[Start of section]

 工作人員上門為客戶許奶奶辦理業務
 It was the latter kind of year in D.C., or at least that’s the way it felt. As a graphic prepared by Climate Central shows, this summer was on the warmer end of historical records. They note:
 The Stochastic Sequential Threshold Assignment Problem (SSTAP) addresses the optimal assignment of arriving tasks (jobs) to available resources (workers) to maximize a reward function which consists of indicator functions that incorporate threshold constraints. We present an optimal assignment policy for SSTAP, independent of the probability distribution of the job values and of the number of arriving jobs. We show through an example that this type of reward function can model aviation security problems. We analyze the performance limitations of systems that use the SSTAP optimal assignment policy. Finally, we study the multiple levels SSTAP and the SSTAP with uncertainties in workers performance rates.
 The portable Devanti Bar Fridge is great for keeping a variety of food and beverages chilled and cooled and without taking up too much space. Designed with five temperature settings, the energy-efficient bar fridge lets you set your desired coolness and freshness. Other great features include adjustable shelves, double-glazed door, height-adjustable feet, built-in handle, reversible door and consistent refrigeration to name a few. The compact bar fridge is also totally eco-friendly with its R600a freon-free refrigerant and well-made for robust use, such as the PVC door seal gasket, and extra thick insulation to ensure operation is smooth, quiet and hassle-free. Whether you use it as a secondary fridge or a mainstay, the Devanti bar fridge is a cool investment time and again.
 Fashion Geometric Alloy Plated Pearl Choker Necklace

[End of section]
[Start of section]

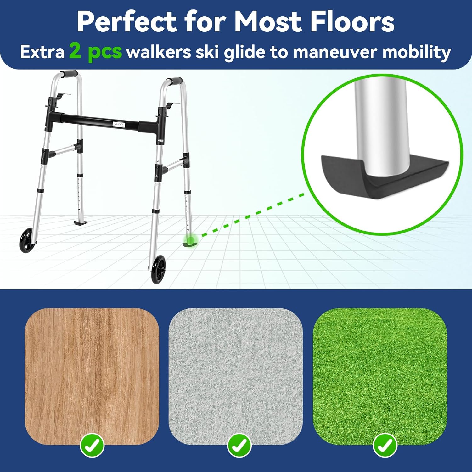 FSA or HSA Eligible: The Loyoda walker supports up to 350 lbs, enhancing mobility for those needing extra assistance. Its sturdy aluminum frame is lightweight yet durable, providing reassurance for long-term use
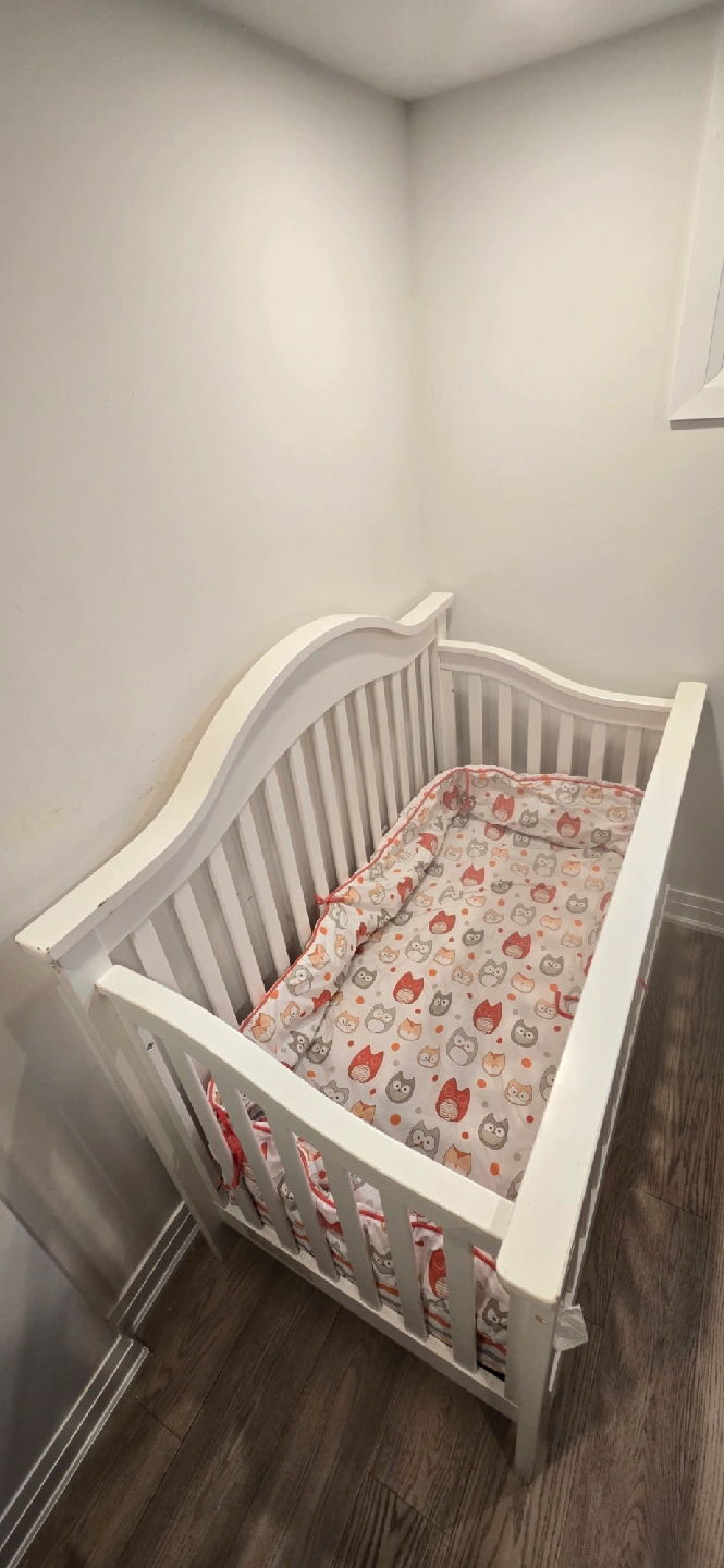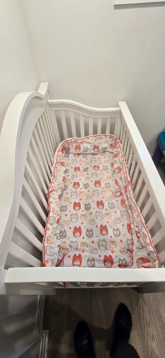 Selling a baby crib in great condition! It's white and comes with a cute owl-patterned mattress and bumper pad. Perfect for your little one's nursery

[End of section]
[Start of section]

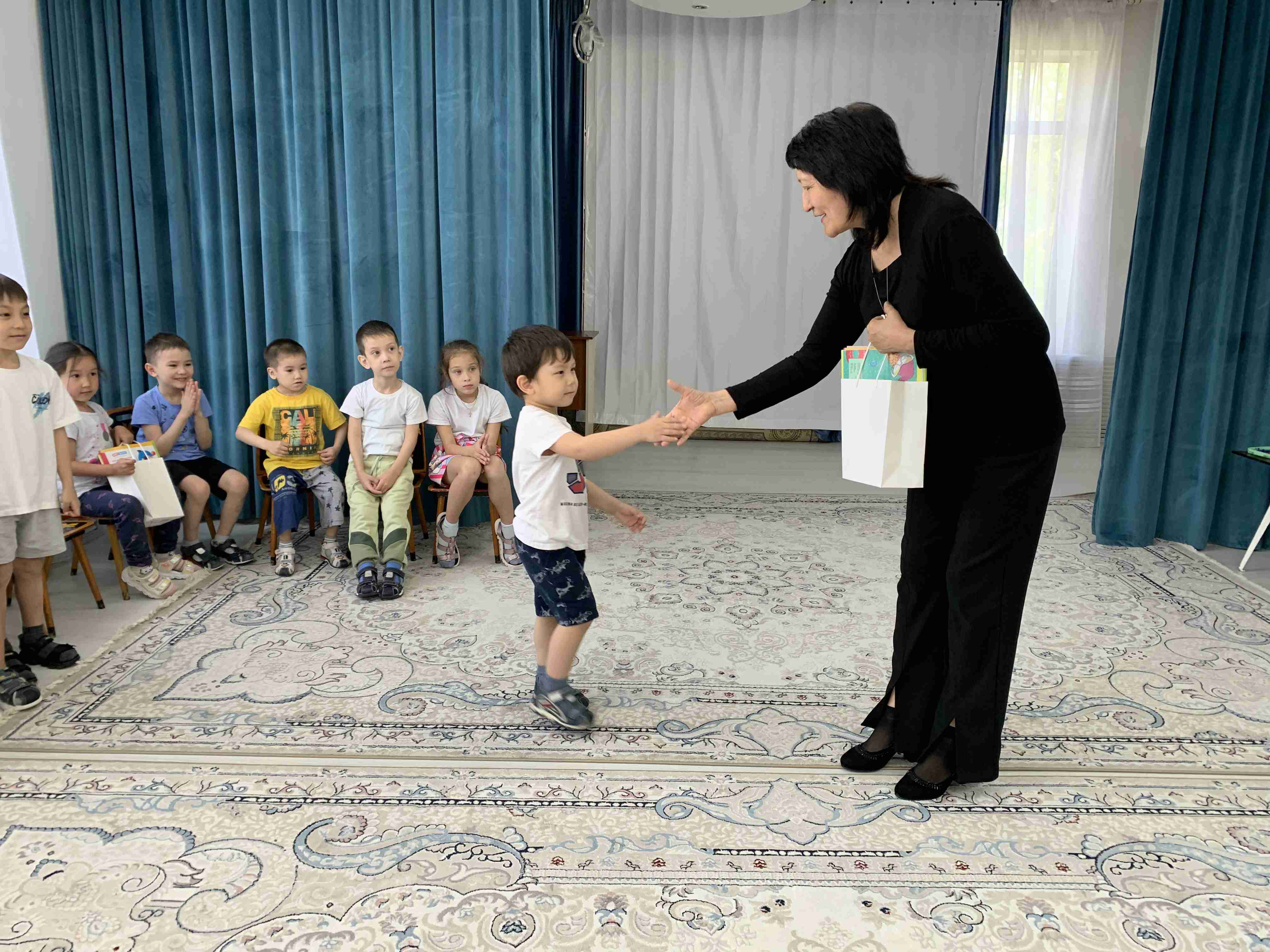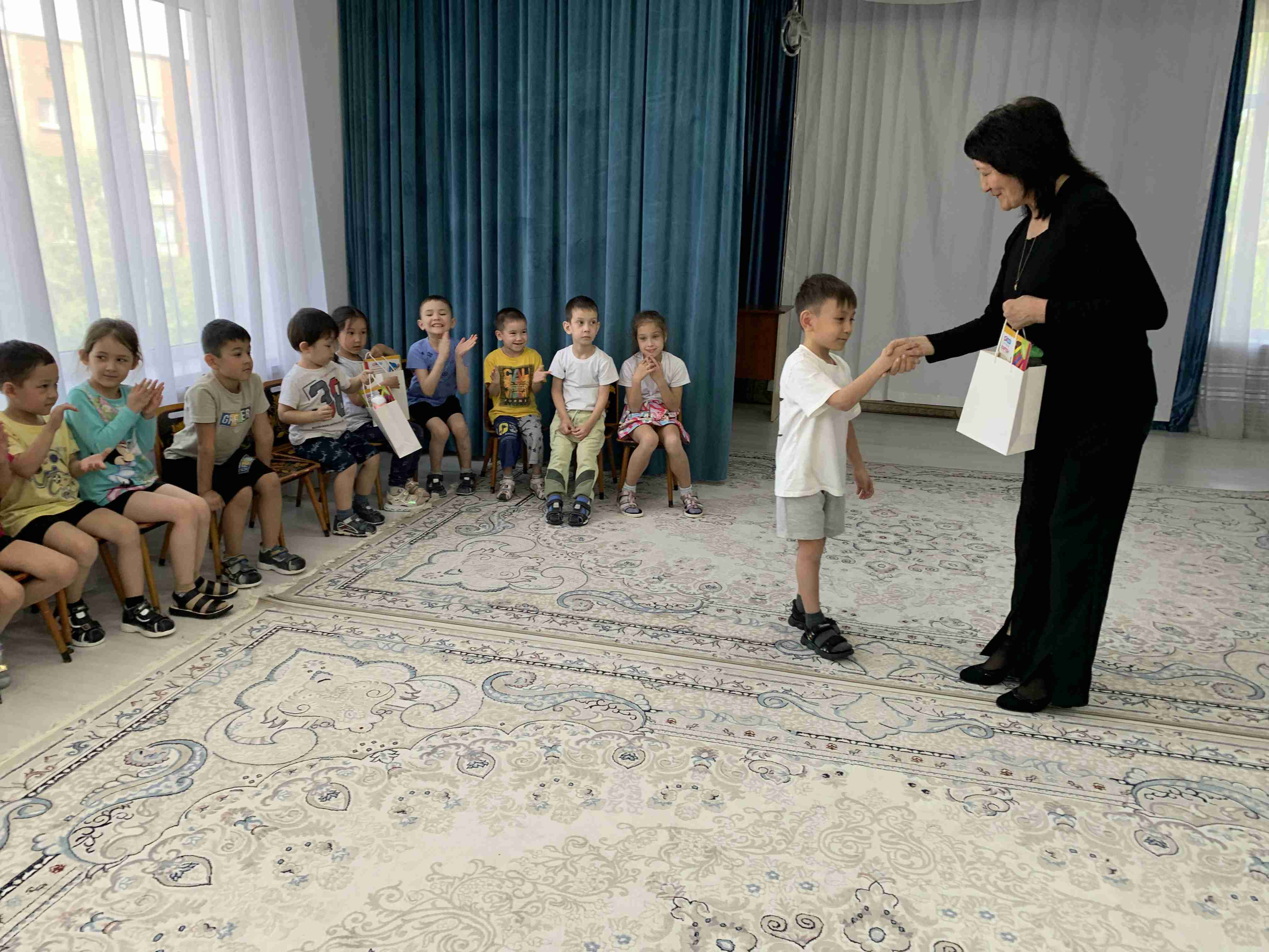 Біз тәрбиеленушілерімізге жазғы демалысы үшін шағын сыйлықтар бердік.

[End of section]

» **Exercise instructions**: Reproduce word for word the material above, beginning with the line that contains "The portable Devanti" and ending with the line that contains "Fashion Geometric Alloy".

» **Answer space**:
 The portable Devanti Bar Fridge is great for keeping a variety of food and beverages chilled and cooled and without taking up too much space. Designed with five temperature settings, the energy-efficient bar fridge lets you set your desired coolness and freshness. Other great features include adjustable shelves, double-glazed door, height-adjustable feet, built-in handle, reversible door and consistent refrigeration to name a few. The compact bar fridge is also totally eco-friendly with its R600a freon-free refrigerant and well-made for robust use, such as the PVC door seal gasket, and extra thick insulation to ensure operation is smooth, quiet and hassle-free. Whether you use it as a secondary fridge or a mainstay, the Devanti bar fridge is a cool investment time and again.
 Fashion Geometric Alloy Plated Pearl Choker Necklace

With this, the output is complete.